<<<<
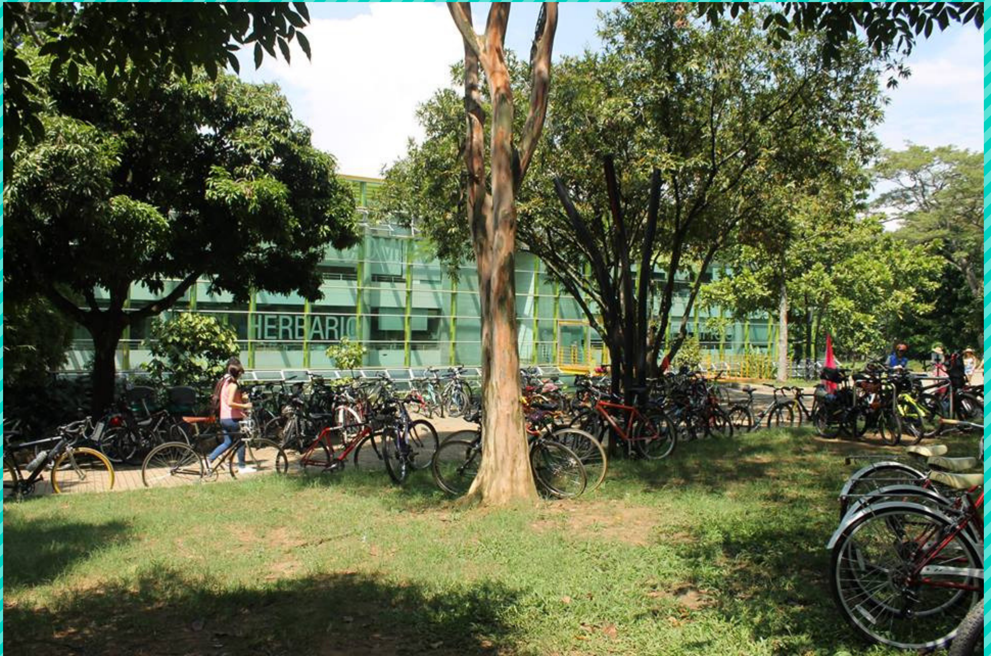
Jardín Botánico Joaquín Antonio Uribe, En busca de los gigantes invisibles (Medellín, noviembre de 2016)
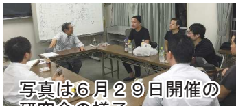
写真は6月29日開催の研究会の様子

次回(8月3日)は午後10時30分より開催します。参加ご希望の方はお事務局までご連絡下さい。
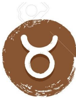
Tauro 21/04 - 21/05
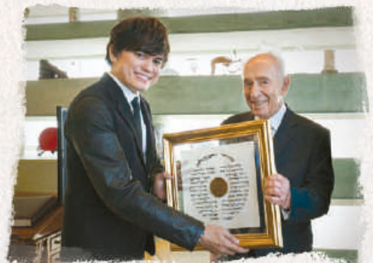
ENTGEGENNAHME EINER AUSZEICHNUNG FÜR INTERNATIONALE BEZIEHUNGEN VON MR. SCHIMON PERES

Wie sehr wünschte ich, ich könnte jede Person in meiner Kirche und jeden, der meinen Dienst verfolgt, persönlich auf eine geführte Tour durch Israel mitnehmen. Allerdings weiß ich auch, dass das praktisch und logistisch leider nicht möglich ist. Deshalb habe ich dieses Hilfsmittel geschaffen, um die Beschränkungen von Zeit und Raum zu umgehen und alle,
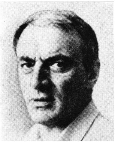
მურმან ჯგუბურია — 80

80 წლისა შესრულდა გამოჩენილი ქართველი მწერალი და საზოგადო მოღვაწე მურმან კონსტანტინეს ძე ჯგუბურია. ამის გამო საქართველოს მწერალთა კავშირმა იუბილარს მისალმება გაუგზავნა. მისალმებაში ნათქვამია:
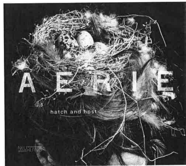
AERIE hatch and host NCD4123

自問對德國的音樂人並不太熟悉，不過鼎鼎大名的 Bauer Studio，我就熟到不得了：一家有數十年歷史的錄音公司，製作嚴謹認真，製版質素超群。Bauer公司的CD，不會刻意標榜錄音的方式，或使用甚麼昂貴的專業器材；但我用到過百萬元級的組合去試聽，每次我都找不到任何破綻。NEUKLANG是Bauer Studio旗下的Label之一，以爵士和現代音樂為主，論音效，每一張CD的臨場感都能達到罕逢對手的最高水平。今次三張NEUKLANG CD亦絕不例外。
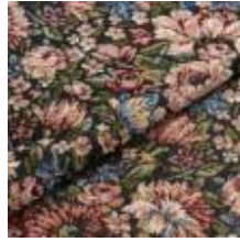
Nostalgi Blomsteräng 1023903
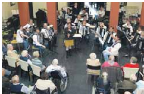
Wahrlich – Musik verbindet – die Menschen – überall und zuletzt im St. Verena. Wir freuen uns auf das nächste Mal! sub-Bild: Akkordeon-Spielring
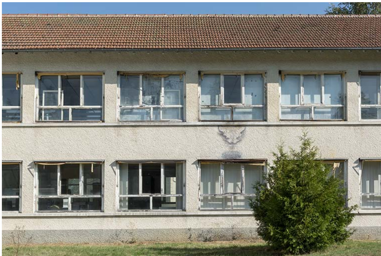
Deuxième usine : baies vers l'extrémité orientale de la façade antérieure.

25, Bonnetage, 5 route de Besançon, lieudit : le Grand Communal
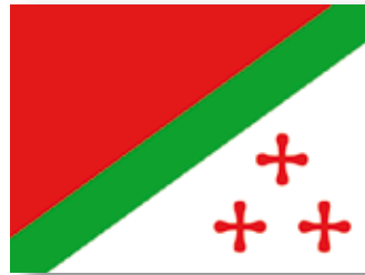
Vlag van de onafhankelijke staat Katanga

Bepaalde lokale betaalmiddelen zoals de Katangakruisen trokken de aandacht van buitenlanders, zowel kolonisten als handelaars. Ze wilden vaak het lokale geld controleren en probeerden het te gebruiken tot hun eigen voordeel. In de 19de eeuw werden de kruisen bijvoorbeeld gebruikt door de grote Arabische koopmannen op hun handelsroutes naar Kenia aan de oostkust van Afrika.
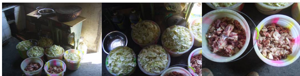
图9 蔬菜与肉类分开存放组图
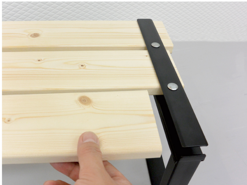
1 × 4 材を3本差し込む
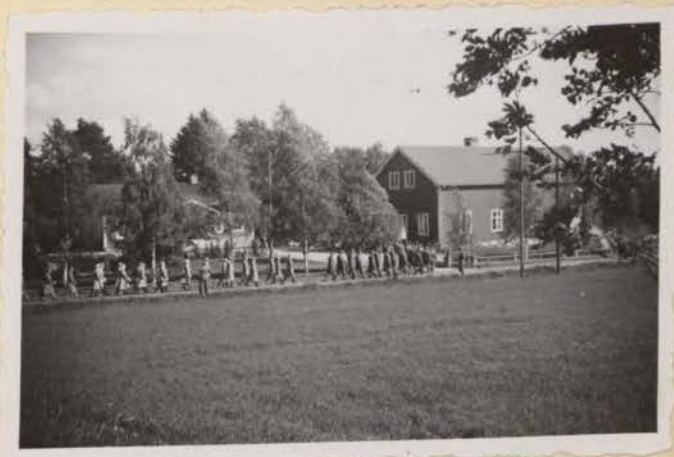
Hembygdsförsvaret på väg till Kommunalkontoret.
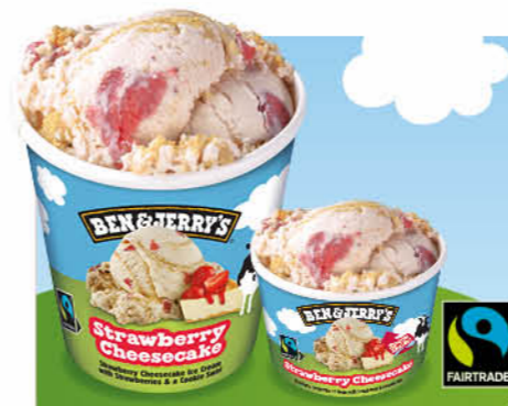
Strawberry Cheesecake Erdbeer-Käsekuchen-Eiscreme, Erdbeerstücke, Keksstrudel
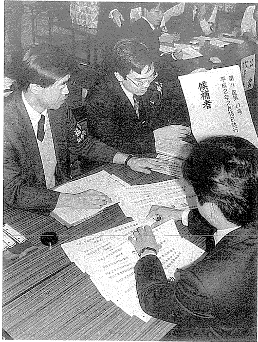
3 立候補受付リハーサル
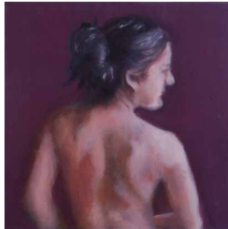
Cat. 23 Liliana Ang Torso no. 9 2008 Acrílico sobre tela 60 x 60 cm
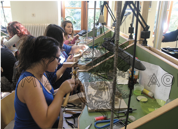
Μαθήτριες στη Σχολή αργυροχρυσοκοΐας στη Στεμνίτσα (φωτ. Α. Οικονόμου 2013)

«Ο Λάμπης Κατσούλης και ο Αριστείδης Βλαχόγιαννης έχουν πεθάνει αλλά οι υπόλοιποι στη συνέχεια όλοι είναι μαθητές τους και αυτός που έρχεται και μας κάνει μάθημα, εκτός Υπουργείου Παιδείας, και είναι φοβερός είναι ο Ντίνος Σαρακινιώτης. Είχε φύγει και γύρισε πάλι στη Στεμνίτσα. Υπάρχουν και οι Καραλήδες και άλλοι, πολλά επώνυμα Γαρταγάνηδες, Χασάπηδες που εγώ δεν τα γνωρίζω γιατί δεν είμαι από εδώ. Εκείνοι ξεκινάγανε από 13 χρονών και μάθαιναν την τέχνη. Έχουμε πάρει τα βιογραφικά τους και μας είπαν ότι στην ηλικία 13-15 χρονών πάνε στην Αθήνα σε έναν στεμνιτσιώτη αργυροχρυσοκόο και μαθαίνουν την τέχνη από μικρά. Είναι πολλοί....» (Όλγα Π., Σχολή Στεμνίτσας).
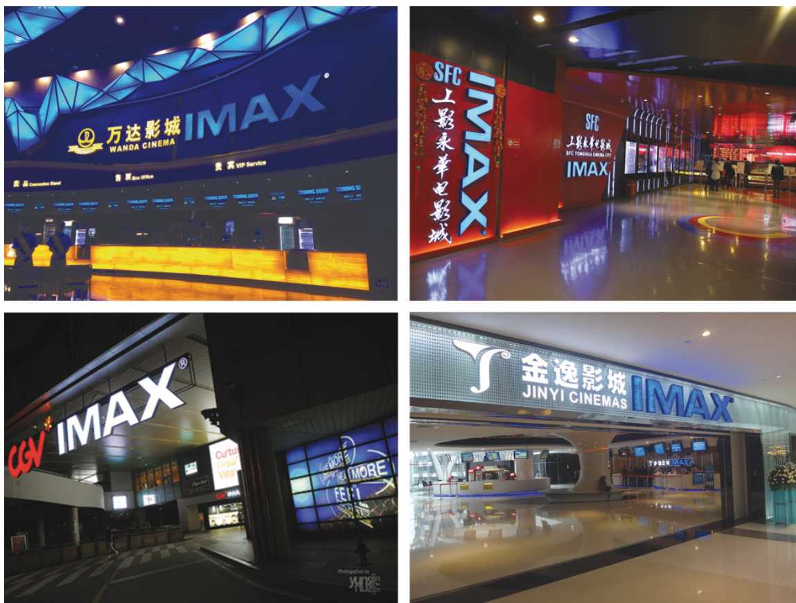
由若干放映商合作夥伴運營的IMAX影院大廳
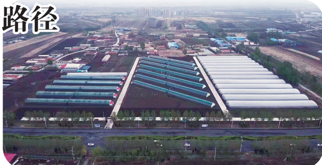
宽城区兰家镇姜家村的吉林省吉林绿色农业科技有限公司日光温室生产园区

马家村采摘园是以农夫水果采摘园、科发采摘园、铭隆采摘园为核心，形成采摘草莓、葡萄、桃及各种蔬菜的模式，并形成产业集聚。
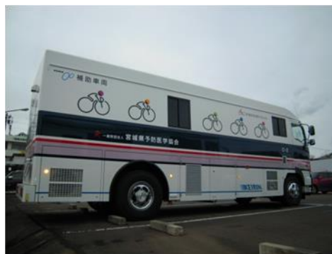
胃胸部併用X線デジタル検診車 外観
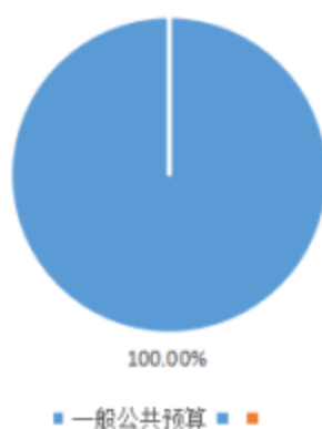
财政拨款支出项目构成情况
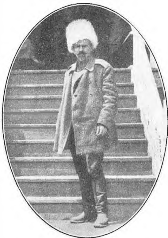
Генерал Марков — найактивніший генерал Добрармії.

Охорона, очевидно, була виставлена, але ні дивізійники з 39, ні інші не наближались. Ставка розташувалася в ст. Мечотинській. Туди ж переїхав Кубанський Уряд, Законодавча Рада з їхнім апаратом. В Єгорлицькій правив ген. Марков—висококультурна людина, але й великий неділимець. Козаки його любили за військову відвагу й привітність та приступність. Він був лектором історії в Академії генштабу, був педагогом, начитаним і психологом. Він відразу орієнтувався, про що з ним можна говорити. В. М. під час спокійних переходів з ним їхав поруч і про різне розмовляв.
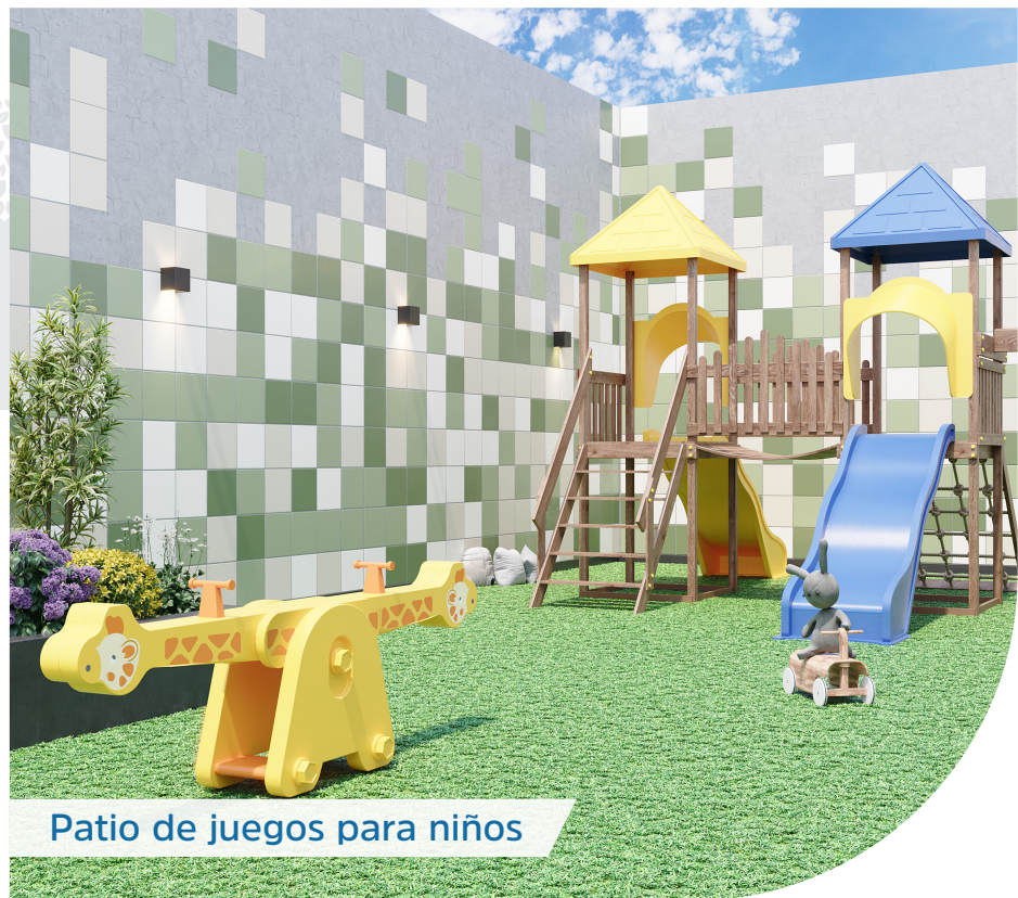
Patio de juegos para niños
>>>>
§ **Directions**
Find how many lines of the listing include the string "ჯგუბურია" and give that number, nothing else.

§ **Expected answer**
2